- _EXERCISE_: Transcribe, word for word and without additions, each line below from the one containing "Handcrafted Pink Jute" through the one containing "- Bake: Cover", both ends included.

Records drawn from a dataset
────────────────
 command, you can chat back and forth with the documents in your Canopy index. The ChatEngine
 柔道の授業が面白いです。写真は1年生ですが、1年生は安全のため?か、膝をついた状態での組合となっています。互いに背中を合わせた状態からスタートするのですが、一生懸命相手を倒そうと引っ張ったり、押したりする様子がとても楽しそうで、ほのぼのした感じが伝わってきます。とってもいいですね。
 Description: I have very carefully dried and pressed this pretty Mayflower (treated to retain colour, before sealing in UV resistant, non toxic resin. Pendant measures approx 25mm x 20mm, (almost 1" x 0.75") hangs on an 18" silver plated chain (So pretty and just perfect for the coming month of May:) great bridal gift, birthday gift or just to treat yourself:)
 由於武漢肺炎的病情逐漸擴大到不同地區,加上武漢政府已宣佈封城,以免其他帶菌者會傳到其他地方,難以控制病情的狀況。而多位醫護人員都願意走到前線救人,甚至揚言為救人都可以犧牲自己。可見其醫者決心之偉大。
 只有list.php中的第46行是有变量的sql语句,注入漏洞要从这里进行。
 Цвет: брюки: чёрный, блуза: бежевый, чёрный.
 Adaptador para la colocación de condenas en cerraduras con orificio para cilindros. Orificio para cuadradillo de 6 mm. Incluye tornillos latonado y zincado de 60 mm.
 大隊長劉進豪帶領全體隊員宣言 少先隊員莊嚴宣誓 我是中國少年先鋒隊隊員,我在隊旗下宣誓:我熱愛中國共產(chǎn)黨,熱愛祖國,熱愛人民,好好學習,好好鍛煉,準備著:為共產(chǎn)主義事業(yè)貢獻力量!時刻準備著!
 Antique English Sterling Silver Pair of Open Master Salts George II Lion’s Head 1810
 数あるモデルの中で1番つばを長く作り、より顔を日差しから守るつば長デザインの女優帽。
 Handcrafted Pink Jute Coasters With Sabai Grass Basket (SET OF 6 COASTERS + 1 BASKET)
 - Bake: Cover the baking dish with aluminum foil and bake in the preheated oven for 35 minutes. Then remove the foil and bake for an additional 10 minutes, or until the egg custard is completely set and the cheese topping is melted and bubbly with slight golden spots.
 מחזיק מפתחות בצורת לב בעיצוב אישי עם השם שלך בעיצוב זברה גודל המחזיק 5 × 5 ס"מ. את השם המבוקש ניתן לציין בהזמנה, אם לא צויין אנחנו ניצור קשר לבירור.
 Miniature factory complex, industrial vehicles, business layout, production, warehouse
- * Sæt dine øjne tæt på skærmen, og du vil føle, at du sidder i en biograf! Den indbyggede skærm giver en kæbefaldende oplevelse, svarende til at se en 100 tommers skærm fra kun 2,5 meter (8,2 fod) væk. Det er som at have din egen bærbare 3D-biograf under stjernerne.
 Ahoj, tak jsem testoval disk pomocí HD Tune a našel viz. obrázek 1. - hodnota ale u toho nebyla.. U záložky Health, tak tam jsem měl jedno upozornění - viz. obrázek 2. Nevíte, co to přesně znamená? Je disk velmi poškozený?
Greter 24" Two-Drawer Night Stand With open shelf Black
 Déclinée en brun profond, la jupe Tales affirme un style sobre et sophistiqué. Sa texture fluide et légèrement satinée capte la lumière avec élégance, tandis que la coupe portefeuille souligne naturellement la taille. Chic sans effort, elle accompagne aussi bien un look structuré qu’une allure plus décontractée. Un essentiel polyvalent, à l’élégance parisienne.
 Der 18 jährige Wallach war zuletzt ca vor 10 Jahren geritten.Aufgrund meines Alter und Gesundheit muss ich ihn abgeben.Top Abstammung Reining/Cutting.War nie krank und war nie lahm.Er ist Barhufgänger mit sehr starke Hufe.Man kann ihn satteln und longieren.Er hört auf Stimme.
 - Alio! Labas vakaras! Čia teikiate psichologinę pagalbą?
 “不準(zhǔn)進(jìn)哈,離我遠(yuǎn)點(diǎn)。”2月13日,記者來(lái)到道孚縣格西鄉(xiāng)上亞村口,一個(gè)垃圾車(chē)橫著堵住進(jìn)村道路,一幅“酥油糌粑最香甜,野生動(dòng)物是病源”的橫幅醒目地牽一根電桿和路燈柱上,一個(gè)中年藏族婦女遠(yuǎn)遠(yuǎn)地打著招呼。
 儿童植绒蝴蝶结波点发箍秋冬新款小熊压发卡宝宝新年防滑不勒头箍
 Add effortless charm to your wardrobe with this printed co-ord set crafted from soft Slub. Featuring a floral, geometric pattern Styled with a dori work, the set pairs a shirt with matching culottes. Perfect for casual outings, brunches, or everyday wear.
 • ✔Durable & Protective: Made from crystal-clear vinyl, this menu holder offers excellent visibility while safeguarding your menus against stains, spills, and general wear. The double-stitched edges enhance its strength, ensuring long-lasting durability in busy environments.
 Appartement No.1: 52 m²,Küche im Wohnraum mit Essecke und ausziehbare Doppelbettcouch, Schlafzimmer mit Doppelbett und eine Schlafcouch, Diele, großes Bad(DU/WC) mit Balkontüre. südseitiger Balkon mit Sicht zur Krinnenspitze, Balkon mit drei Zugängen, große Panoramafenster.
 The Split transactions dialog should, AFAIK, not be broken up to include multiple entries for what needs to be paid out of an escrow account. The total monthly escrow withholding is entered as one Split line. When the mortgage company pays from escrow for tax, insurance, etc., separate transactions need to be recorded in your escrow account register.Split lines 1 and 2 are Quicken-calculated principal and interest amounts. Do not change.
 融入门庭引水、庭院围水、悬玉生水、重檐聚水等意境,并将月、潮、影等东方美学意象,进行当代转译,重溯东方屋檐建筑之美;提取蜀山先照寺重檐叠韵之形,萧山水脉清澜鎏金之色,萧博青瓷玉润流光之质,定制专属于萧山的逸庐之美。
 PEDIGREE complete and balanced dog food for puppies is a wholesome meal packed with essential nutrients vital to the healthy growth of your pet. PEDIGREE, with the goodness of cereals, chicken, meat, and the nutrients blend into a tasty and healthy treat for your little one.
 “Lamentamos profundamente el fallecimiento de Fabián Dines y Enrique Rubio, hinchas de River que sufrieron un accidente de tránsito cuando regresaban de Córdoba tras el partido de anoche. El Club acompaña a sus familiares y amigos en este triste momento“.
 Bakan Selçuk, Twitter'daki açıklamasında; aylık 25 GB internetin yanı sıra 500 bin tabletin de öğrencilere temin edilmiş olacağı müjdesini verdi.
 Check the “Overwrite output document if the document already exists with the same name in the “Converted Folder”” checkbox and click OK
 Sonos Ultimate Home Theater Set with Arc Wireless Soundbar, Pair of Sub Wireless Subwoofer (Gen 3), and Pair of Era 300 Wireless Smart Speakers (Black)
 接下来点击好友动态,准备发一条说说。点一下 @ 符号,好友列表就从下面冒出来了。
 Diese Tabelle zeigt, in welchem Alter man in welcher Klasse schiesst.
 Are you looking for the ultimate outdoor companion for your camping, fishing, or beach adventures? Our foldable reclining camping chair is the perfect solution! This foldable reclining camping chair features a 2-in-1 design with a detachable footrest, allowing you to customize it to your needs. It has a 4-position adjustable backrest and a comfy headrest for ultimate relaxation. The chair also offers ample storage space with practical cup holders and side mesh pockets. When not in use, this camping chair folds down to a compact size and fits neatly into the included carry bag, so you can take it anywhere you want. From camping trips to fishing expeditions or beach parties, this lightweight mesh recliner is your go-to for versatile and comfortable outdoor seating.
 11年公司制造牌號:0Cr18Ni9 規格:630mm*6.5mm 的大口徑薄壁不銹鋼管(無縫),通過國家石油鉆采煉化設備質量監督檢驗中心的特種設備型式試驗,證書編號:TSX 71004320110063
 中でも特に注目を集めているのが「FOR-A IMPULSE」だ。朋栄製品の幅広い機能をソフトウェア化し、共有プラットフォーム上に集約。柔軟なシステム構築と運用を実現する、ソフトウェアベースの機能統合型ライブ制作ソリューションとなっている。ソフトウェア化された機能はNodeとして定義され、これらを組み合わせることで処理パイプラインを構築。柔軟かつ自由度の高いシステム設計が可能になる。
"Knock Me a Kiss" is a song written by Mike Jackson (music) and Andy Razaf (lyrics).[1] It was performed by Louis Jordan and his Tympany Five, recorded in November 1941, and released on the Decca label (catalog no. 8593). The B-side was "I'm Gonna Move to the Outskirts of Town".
────────────────
- _YOUR RESPONSE_:
 Handcrafted Pink Jute Coasters With Sabai Grass Basket (SET OF 6 COASTERS + 1 BASKET)
 - Bake: Cover the baking dish with aluminum foil and bake in the preheated oven for 35 minutes. Then remove the foil and bake for an additional 10 minutes, or until the egg custard is completely set and the cheese topping is melted and bubbly with slight golden spots.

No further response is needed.